1

I'm building a high performance web framework using Bjoern as the WSGI server.

I'm now wondering, if you need to handle say, 200.000 req/s, how would you scale/spread Bjoern to multiple servers, or rather load-balance as it's commonly called? What would be your preferred approach?

Is there some helper/builtin in Bjoern to aid in doing that? Or should I employ a separate load balancer in Python?

For example let's take the following simple WSGI server:

import bjoern, os

urls = {'/':"hello world", '/greet':"hi user!"}

def application(environ, start_response):

   response_body = urls[environ['PATH_INFO']]

   status = '200 OK'
   response_headers = [('Content-Type', 'text/plain'),
              ('Content-Length', str(len(response_body)))]
   start_response(status, response_headers)

   return [response_body]

bjoern.listen(app, "localhost", 8000)
bjoern.run()

To scale it to multiple processors it needs to be modified like in the following way:

import bjoern, os

# We use two workers in this case, meaning 2 processors.
NUM_WORKERS = 2
worker_pids = []

urls = {'/':"hello world", '/greet':"hi user!"}

def application(environ, start_response):

   response_body = urls[environ['PATH_INFO']]

   status = '200 OK'
   response_headers = [('Content-Type', 'text/plain'),
              ('Content-Length', str(len(response_body)))]
   start_response(status, response_headers)

   return [response_body]

bjoern.listen(app, "localhost", 8000)
for _ in xrange(NUM_WORKERS):
   pid = os.fork()
      if pid > 0:
        worker_pids.append(pid)
      elif pid == 0:
        try:
           bjoern.run()
        except KeyboardInterrupt:
           pass
        exit()

try:
   for _ in xrange(NUM_WORKERS):
      os.wait()
except KeyboardInterrupt:
   for pid in worker_pids:
      os.kill(pid, signal.SIGINT)

But what if I want to scale it to multiple servers instead (thus using their resources as well)?

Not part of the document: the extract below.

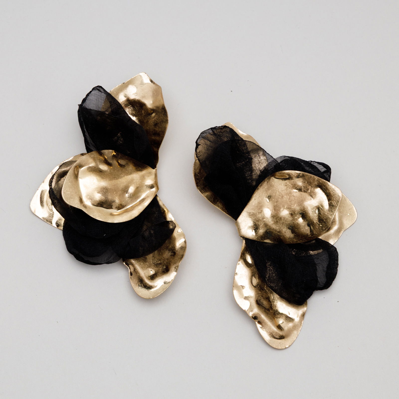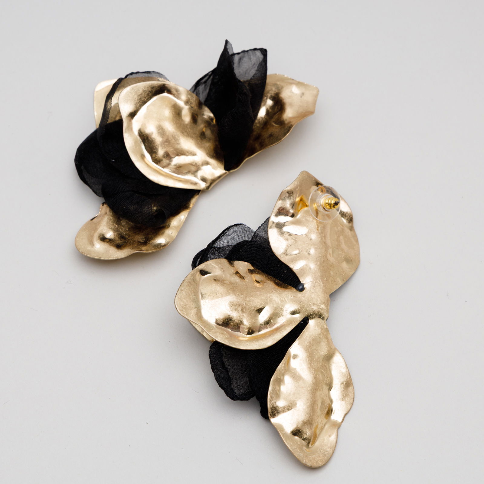 Shopika Cercei statement aurii cu petale texturate si voal negru

Employing other web servers such as Nginx, Lighttp or Monkey-http seems overkill, especially in a context where the project's philosophy strives in keeping everything compact and without unnecessary fluff.

Bashar
  • 13
  • 4
  • Python Director is more than 10 years old. Don't think it's actively maintained. – Daniel Aug 17 '14 at 08:14
  • @Daniel You're right, I saw that now (**Copyright (c) 2002-2003**). Removing it from the question then. – Bashar Aug 17 '14 at 08:17
  • First, look what's your bottleneck. With a software solution, every request produces twice the traffic, into the load-balancer to the server and the same way back. Have you two separate network connections? Maybe a simple round robin DNS solution is possible. – Daniel Aug 17 '14 at 08:34
  • 1
    @Daniel The question assumes that every bottleneck is properly ironed out :) Yes, potentially every server has its any ip, making it suitable for *round robin DNS* as you say. I'm reading this article in that regard [Load Balancing With Round Robin DNS](http://www.atrixnet.com/load-balancing-with-round-robin-dns/). – Bashar Aug 17 '14 at 09:11
  • 1
    I can see that *round robin DNS* has the issue of caching, so there is a possibility that a huge load is incidentally put to any of the servers. – Bashar Aug 17 '14 at 15:44

0 Answers0